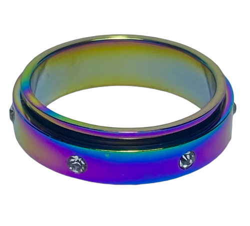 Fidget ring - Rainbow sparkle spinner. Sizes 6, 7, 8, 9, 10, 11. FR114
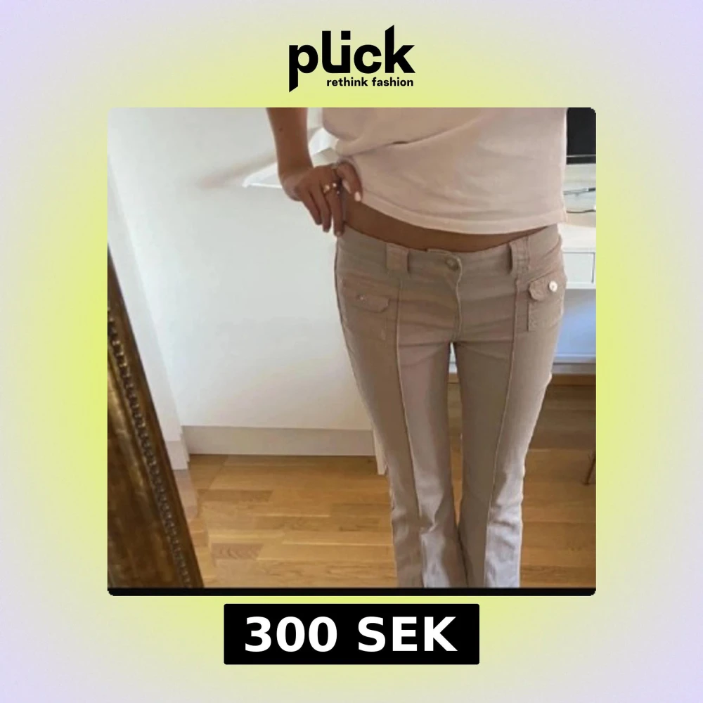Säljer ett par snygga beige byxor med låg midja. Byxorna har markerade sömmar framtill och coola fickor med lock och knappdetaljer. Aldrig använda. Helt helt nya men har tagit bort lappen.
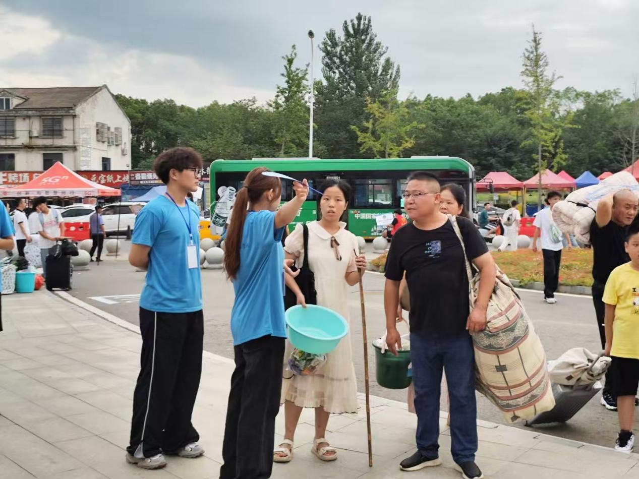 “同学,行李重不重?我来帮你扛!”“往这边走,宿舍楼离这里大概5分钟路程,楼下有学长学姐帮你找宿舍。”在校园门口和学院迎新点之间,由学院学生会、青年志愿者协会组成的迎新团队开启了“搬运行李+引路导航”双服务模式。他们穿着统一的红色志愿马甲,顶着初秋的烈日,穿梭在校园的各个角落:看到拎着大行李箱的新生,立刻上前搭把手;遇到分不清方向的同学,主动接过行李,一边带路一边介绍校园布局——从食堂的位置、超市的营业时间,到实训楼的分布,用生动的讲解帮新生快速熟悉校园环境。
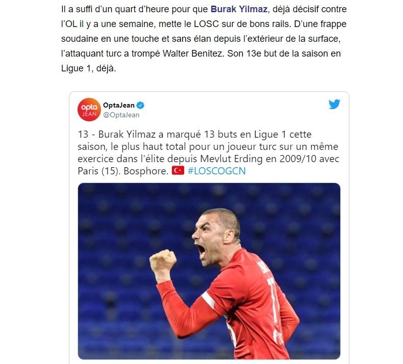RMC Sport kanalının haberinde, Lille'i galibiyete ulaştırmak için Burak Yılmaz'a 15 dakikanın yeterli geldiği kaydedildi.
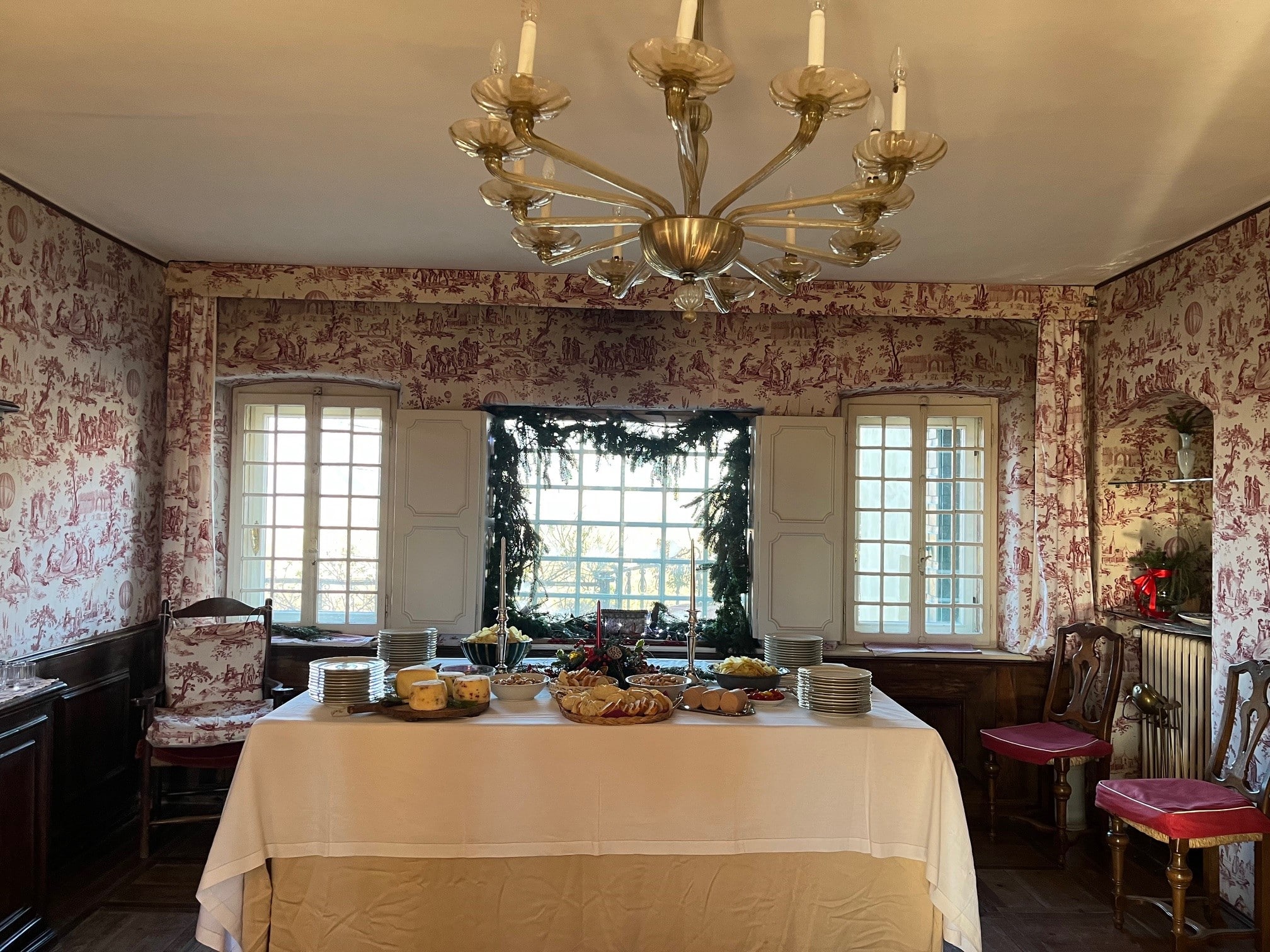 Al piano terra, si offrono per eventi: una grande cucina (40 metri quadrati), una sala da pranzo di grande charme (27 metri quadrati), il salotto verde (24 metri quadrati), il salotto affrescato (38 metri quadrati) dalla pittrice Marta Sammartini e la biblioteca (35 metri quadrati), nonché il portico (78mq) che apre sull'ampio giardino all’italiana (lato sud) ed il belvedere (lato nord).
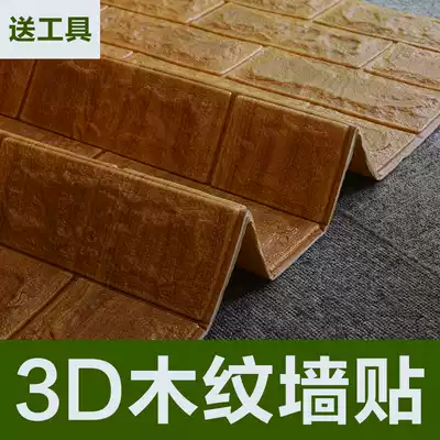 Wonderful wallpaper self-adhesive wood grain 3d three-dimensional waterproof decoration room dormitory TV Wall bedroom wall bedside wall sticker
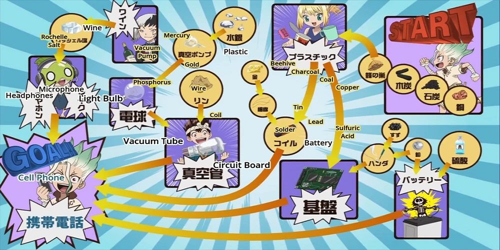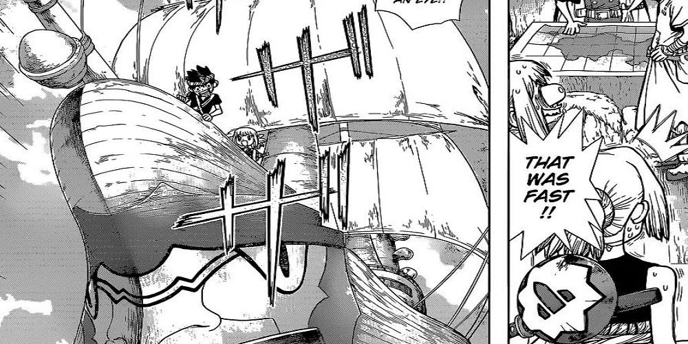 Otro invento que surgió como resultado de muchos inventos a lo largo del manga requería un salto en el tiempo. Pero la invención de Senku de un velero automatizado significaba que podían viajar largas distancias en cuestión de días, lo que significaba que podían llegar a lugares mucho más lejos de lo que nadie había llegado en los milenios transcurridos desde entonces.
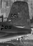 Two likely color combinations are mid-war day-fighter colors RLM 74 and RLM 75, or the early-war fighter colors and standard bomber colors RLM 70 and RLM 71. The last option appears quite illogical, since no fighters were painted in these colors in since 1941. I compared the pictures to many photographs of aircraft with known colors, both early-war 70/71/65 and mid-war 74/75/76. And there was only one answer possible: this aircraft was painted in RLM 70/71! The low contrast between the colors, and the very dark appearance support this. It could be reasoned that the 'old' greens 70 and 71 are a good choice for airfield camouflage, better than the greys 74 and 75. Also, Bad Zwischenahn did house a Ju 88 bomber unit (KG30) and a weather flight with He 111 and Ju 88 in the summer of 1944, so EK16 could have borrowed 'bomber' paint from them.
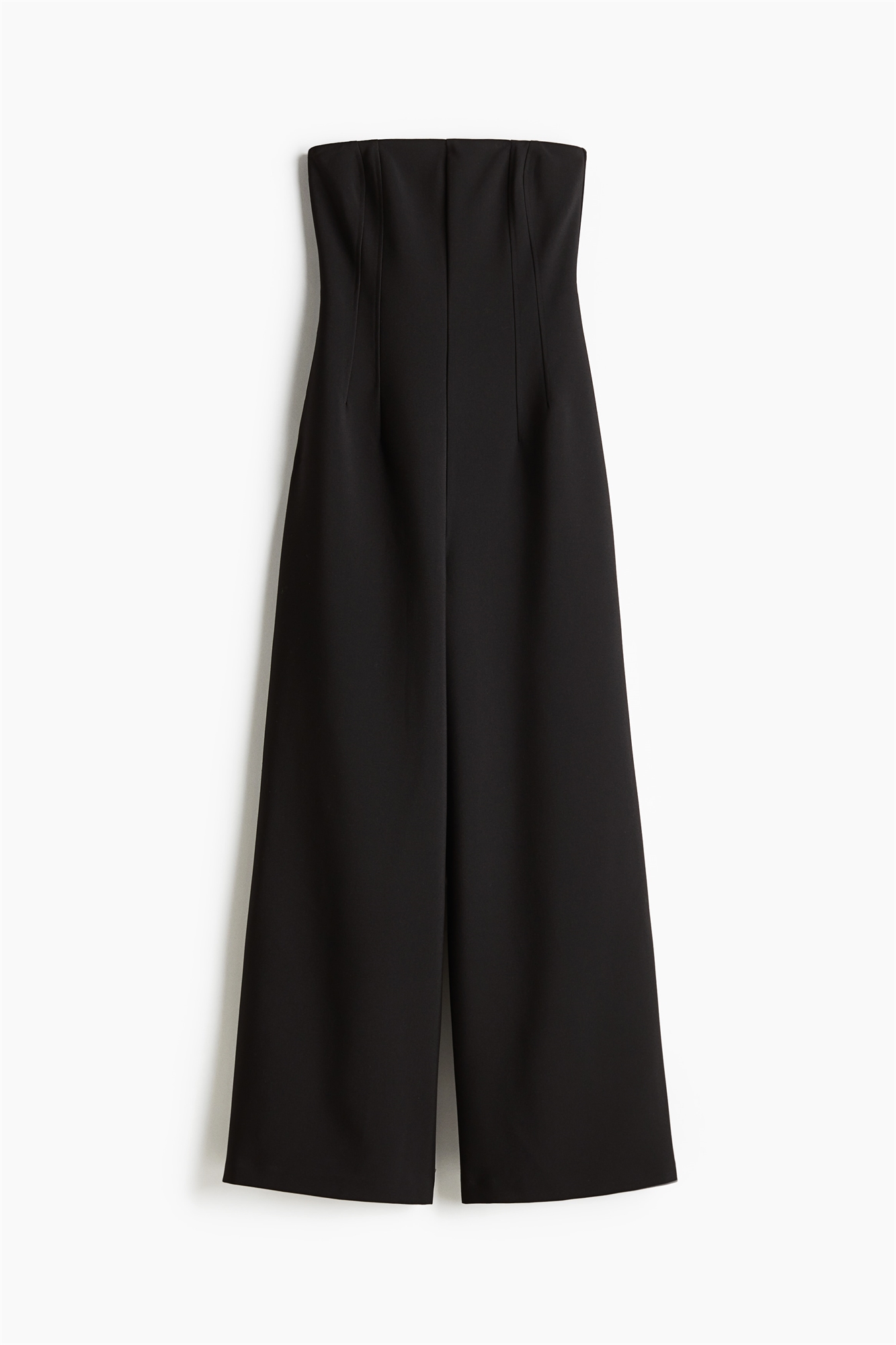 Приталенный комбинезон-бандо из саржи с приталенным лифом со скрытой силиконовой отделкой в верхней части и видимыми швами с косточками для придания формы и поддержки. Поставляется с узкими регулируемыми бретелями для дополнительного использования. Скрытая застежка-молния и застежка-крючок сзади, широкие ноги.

======

**EXERCISE BRIEF:** Give the data again exactly. Keep the images out.

**WRITTEN RESPONSE:**
 Fidget ring - Rainbow sparkle spinner. Sizes 6, 7, 8, 9, 10, 11. FR114
Säljer ett par snygga beige byxor med låg midja. Byxorna har markerade sömmar framtill och coola fickor med lock och knappdetaljer. Aldrig använda. Helt helt nya men har tagit bort lappen.
 “同学,行李重不重?我来帮你扛!”“往这边走,宿舍楼离这里大概5分钟路程,楼下有学长学姐帮你找宿舍。”在校园门口和学院迎新点之间,由学院学生会、青年志愿者协会组成的迎新团队开启了“搬运行李+引路导航”双服务模式。他们穿着统一的红色志愿马甲,顶着初秋的烈日,穿梭在校园的各个角落:看到拎着大行李箱的新生,立刻上前搭把手;遇到分不清方向的同学,主动接过行李,一边带路一边介绍校园布局——从食堂的位置、超市的营业时间,到实训楼的分布,用生动的讲解帮新生快速熟悉校园环境。
RMC Sport kanalının haberinde, Lille'i galibiyete ulaştırmak için Burak Yılmaz'a 15 dakikanın yeterli geldiği kaydedildi.
 Al piano terra, si offrono per eventi: una grande cucina (40 metri quadrati), una sala da pranzo di grande charme (27 metri quadrati), il salotto verde (24 metri quadrati), il salotto affrescato (38 metri quadrati) dalla pittrice Marta Sammartini e la biblioteca (35 metri quadrati), nonché il portico (78mq) che apre sull'ampio giardino all’italiana (lato sud) ed il belvedere (lato nord).
 Wonderful wallpaper self-adhesive wood grain 3d three-dimensional waterproof decoration room dormitory TV Wall bedroom wall bedside wall sticker
 Otro invento que surgió como resultado de muchos inventos a lo largo del manga requería un salto en el tiempo. Pero la invención de Senku de un velero automatizado significaba que podían viajar largas distancias en cuestión de días, lo que significaba que podían llegar a lugares mucho más lejos de lo que nadie había llegado en los milenios transcurridos desde entonces.
 Two likely color combinations are mid-war day-fighter colors RLM 74 and RLM 75, or the early-war fighter colors and standard bomber colors RLM 70 and RLM 71. The last option appears quite illogical, since no fighters were painted in these colors in since 1941. I compared the pictures to many photographs of aircraft with known colors, both early-war 70/71/65 and mid-war 74/75/76. And there was only one answer possible: this aircraft was painted in RLM 70/71! The low contrast between the colors, and the very dark appearance support this. It could be reasoned that the 'old' greens 70 and 71 are a good choice for airfield camouflage, better than the greys 74 and 75. Also, Bad Zwischenahn did house a Ju 88 bomber unit (KG30) and a weather flight with He 111 and Ju 88 in the summer of 1944, so EK16 could have borrowed 'bomber' paint from them.
 Приталенный комбинезон-бандо из саржи с приталенным лифом со скрытой силиконовой отделкой в верхней части и видимыми швами с косточками для придания формы и поддержки. Поставляется с узкими регулируемыми бретелями для дополнительного использования. Скрытая застежка-молния и застежка-крючок сзади, широкие ноги.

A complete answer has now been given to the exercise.